Task description:
Please repeat nothing except the lines from the one containing "girls 8-pack Quarter" through the end of the records, exactly and without pictures.

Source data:
········

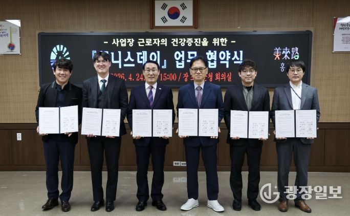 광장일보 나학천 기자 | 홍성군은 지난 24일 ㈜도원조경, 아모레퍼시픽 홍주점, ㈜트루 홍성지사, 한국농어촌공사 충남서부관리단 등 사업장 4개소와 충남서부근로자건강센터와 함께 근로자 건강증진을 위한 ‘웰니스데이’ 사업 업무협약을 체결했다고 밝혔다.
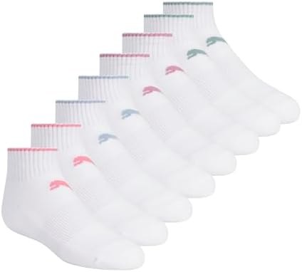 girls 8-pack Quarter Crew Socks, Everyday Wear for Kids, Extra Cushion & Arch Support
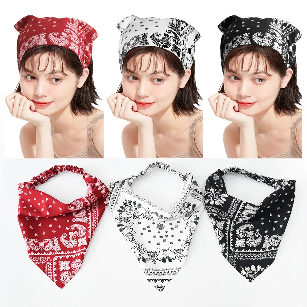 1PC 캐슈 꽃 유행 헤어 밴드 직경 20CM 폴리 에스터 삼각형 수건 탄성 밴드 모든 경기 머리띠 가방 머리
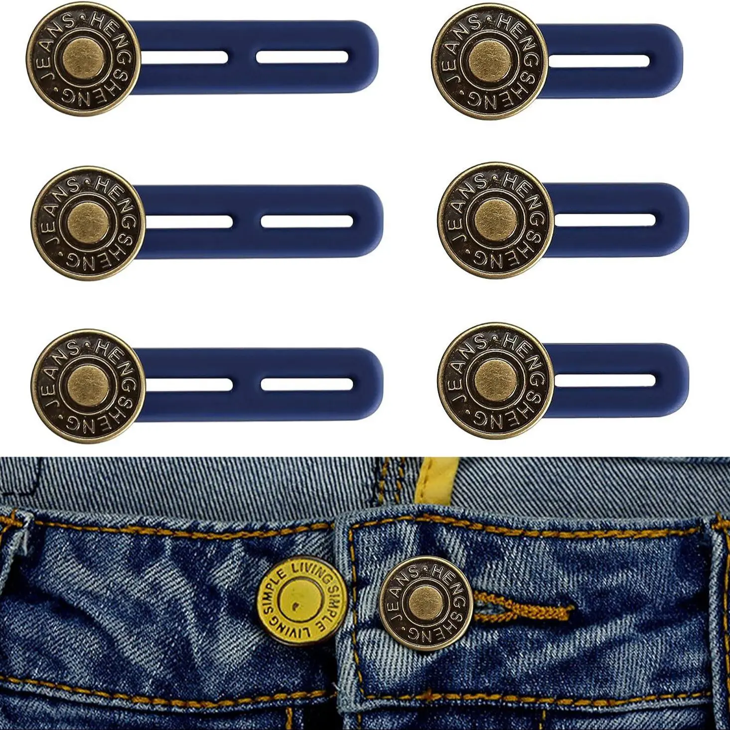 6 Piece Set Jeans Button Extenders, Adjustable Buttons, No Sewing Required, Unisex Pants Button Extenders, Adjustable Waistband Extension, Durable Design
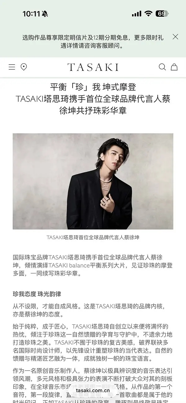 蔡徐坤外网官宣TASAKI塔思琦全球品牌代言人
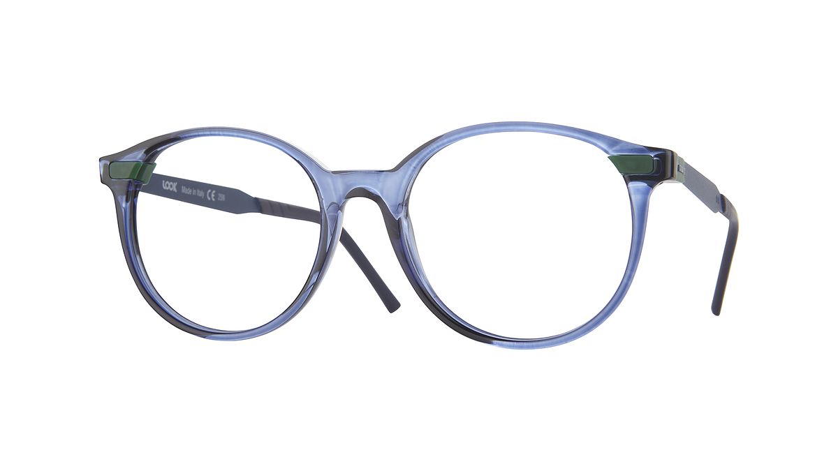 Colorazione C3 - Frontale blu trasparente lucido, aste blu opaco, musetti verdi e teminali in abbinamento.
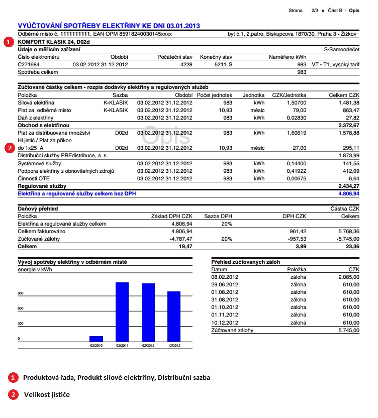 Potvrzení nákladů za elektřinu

········

Answer to the problem:
 girls 8-pack Quarter Crew Socks, Everyday Wear for Kids, Extra Cushion & Arch Support
 1PC 캐슈 꽃 유행 헤어 밴드 직경 20CM 폴리 에스터 삼각형 수건 탄성 밴드 모든 경기 머리띠 가방 머리
 6 Piece Set Jeans Button Extenders, Adjustable Buttons, No Sewing Required, Unisex Pants Button Extenders, Adjustable Waistband Extension, Durable Design
 蔡徐坤外网官宣TASAKI塔思琦全球品牌代言人
 Colorazione C3 - Frontale blu trasparente lucido, aste blu opaco, musetti verdi e teminali in abbinamento.
 Potvrzení nákladů za elektřinu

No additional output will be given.